Secretion of IL-6 is upregulated by LPS during the immunomodulation, and the expression of this cytokine has been recently related to MSC commitment to osteogenesis. Therefore, a time course of released IL-6—which is has not yet been examined in this population of HPCs—was run out and its amount was quantified in the various experimental conditions every 72 h, starting from 1 day to 21 days of culture (Figure 6 and Figure S5). LPS stimulation amplifies IL-6 secretion from HPCs under all experimental conditions and after all times of exposure. Interestingly, after 1 day of culture, IL-6 is hardly detectable when cells are cultivated in M2 medium, even in the presence of LPS. On the contrary, cytokine secretion in M1 is dramatically increased by LPS compared to untreated cells (213.2 pg/mL and 20.8 pg/mL, respectively). Moreover, all substances administered modulate IL-6, mainly fisetin at the concentration of 50 µM. Likewise, after 3 days of exposure in M1, the release of IL-6 is enormously raised by LPS to 481 pg/mL independent from other substances. In contrast, a significant dose-dependent increase in IL-6 levels is induced by fisetin in the absence of LPS (471 pg/mL with fisetin 50 µM). In the presence of M2 after 3 days, only the highest dose of fisetin caused an increase in IL-6 secretion in HPCs without LPS. In contrast to the stimulation in M1, LPS fails in increasing IL-6 when HPCs are cultivated in the M2 medium. In parallel, all substances modulate cytokine secretion, mainly NAC and fisetin. After 15 days, LPS stimulation increases the IL-6 amounts both in M1 and M2 to around 600 pg/mL. IL-6 is highly produced in the presence of all substances without LPS, mainly with BSO (528 pg/mL) and 5 µM fisetin in M1 (424 pg/mL).
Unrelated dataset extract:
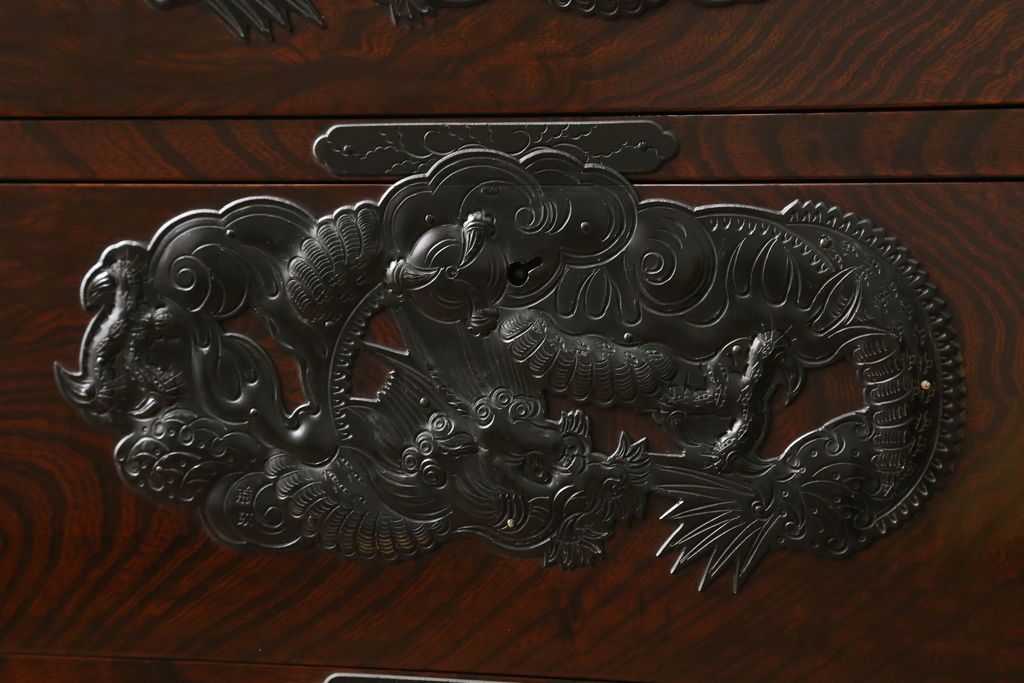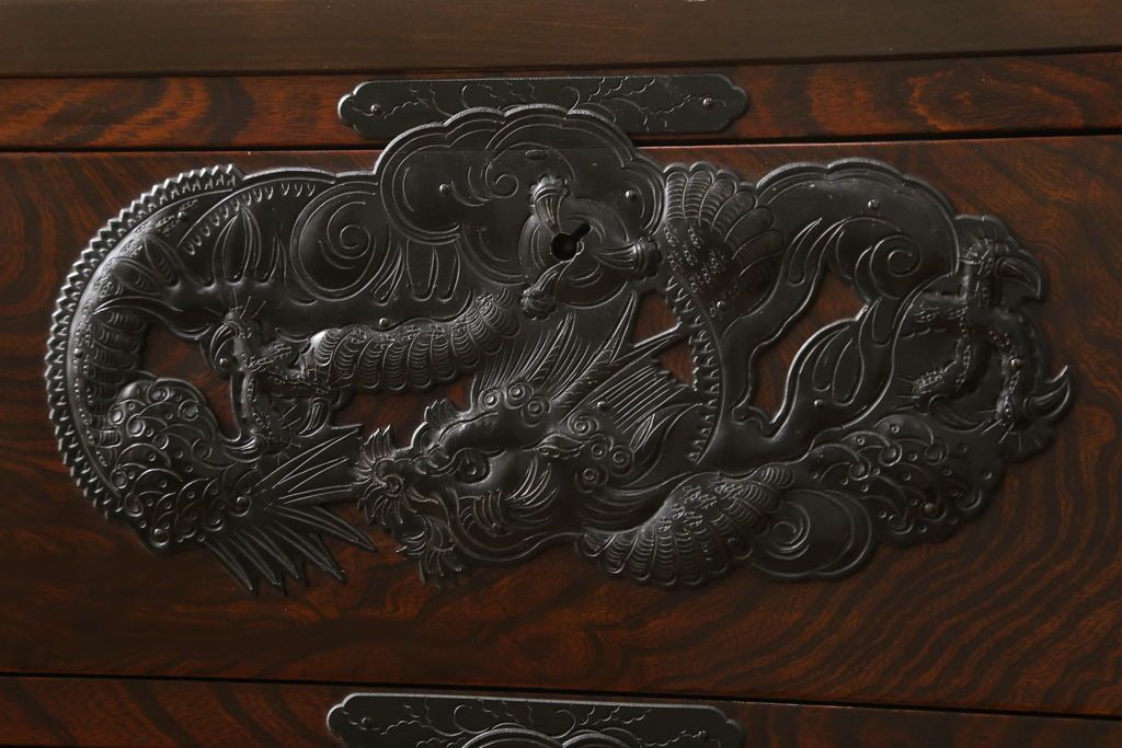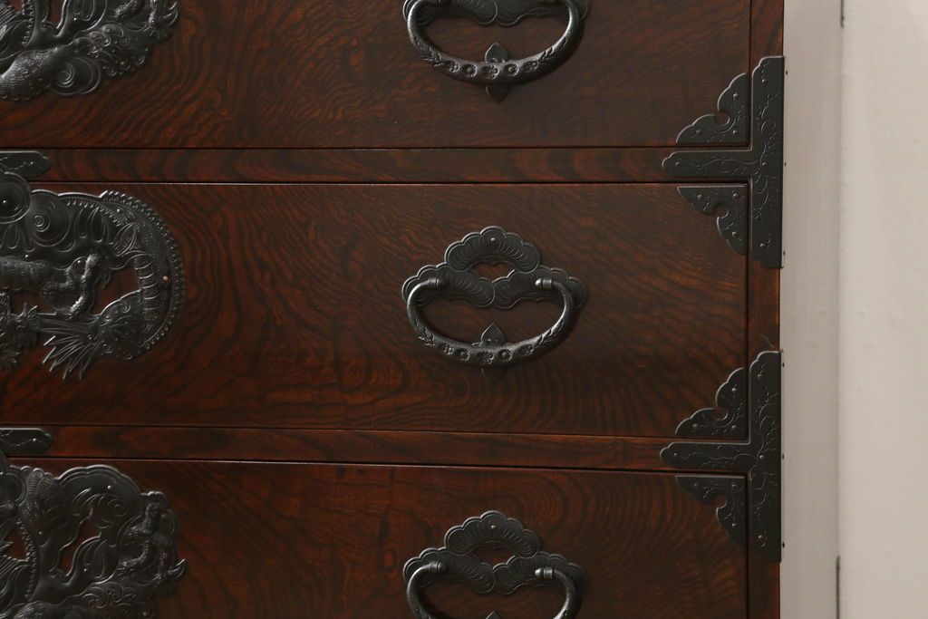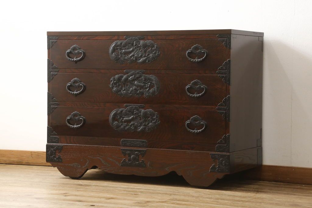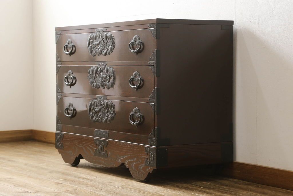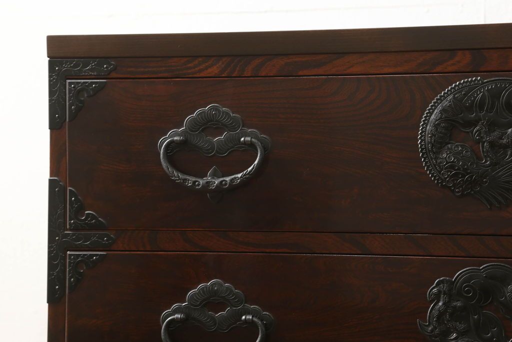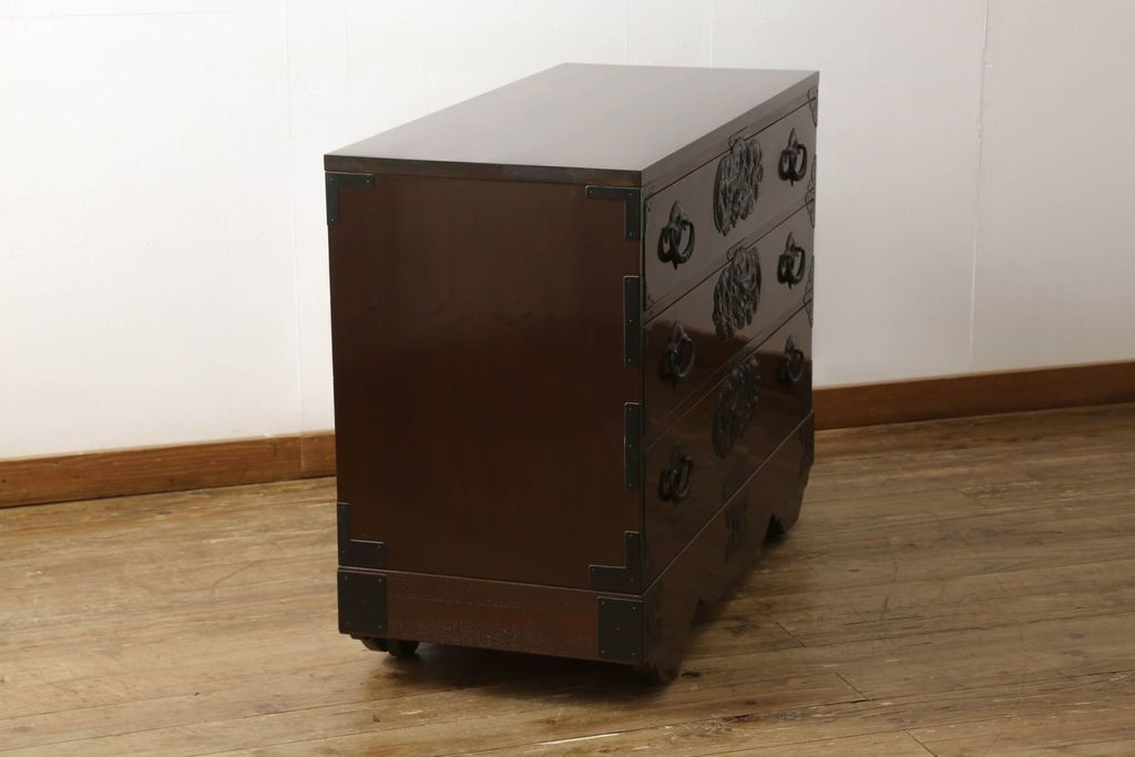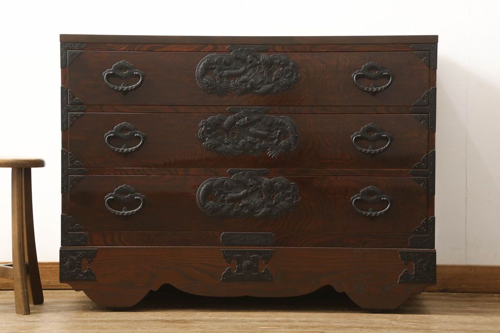 和箪笥> 衣装箪笥 > 和製ビンテージの仙台箪笥ローチェストをリペア&カスタム!天板を新たに取り付け、下部は台車を取り付け。本体の色味に合わせて着色仕上げ。(衣装箪笥、和箪笥、引き出し、車箪笥、ヴィンテージ)
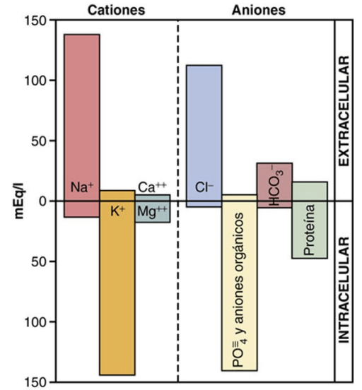 Al contrario que el líquido extracelular, el líquido intracelular contiene solo mínimas cantidades de iones sodio y cloro y casi ningún ion calcio. En cambio, contiene grandes cantidades de iones potasio y fosfato más cantidades moderadas de iones magnesio y sulfato, todos los cuales están en concentraciones bajas en el líquido extracelular. Además, las células contienen grandes cantidades de proteínas, casi cuatro veces más que en el plasma.

In the presence of LPS, the decreased secretion of IL-6 seems to be independent from the substances both in the M1 and in the M2, except for 50 µM fisetin M2. Finally, after 21 days of LPS stimulation, the concentration of IL-6 remains high at around 700 pg/mL both in M1 and M2 (around 700 pg/mL), and the modulation in the presence of LPS is still independent from substances except for 25 and 50 µM fisetin which decrease the amount of IL-6 to about 400 pg/mL in M2.

4. Discussion

Being functionally responsible for the maintenance and repair of tissues of the dentin-pulp complex and its associated immune system, pulp cells own a high regenerative capacity and respond to various types of damage. Consequently, dental MSCs proliferate and migrate into the damaged tissue, differentiate into odontoblast-like cells, and form reparative dentin as the main mechanism leading to reparative dentinogenesis [23]. LPS is a glycolipid and a pathogenic molecule of Gram-negative cariogenic bacteria capable of inducing dental pulp inflammation. The endotoxin binds to its Toll-like receptor (TLR)-4 and triggers the activation of the redox-sensitive transcription factor nuclear factor kappa-light-chain-enhancer of activated B cells (NFκB) or MAPKs, thus resulting in the release of pro- or anti-inflammatory cytokines, such as IL-6 [24].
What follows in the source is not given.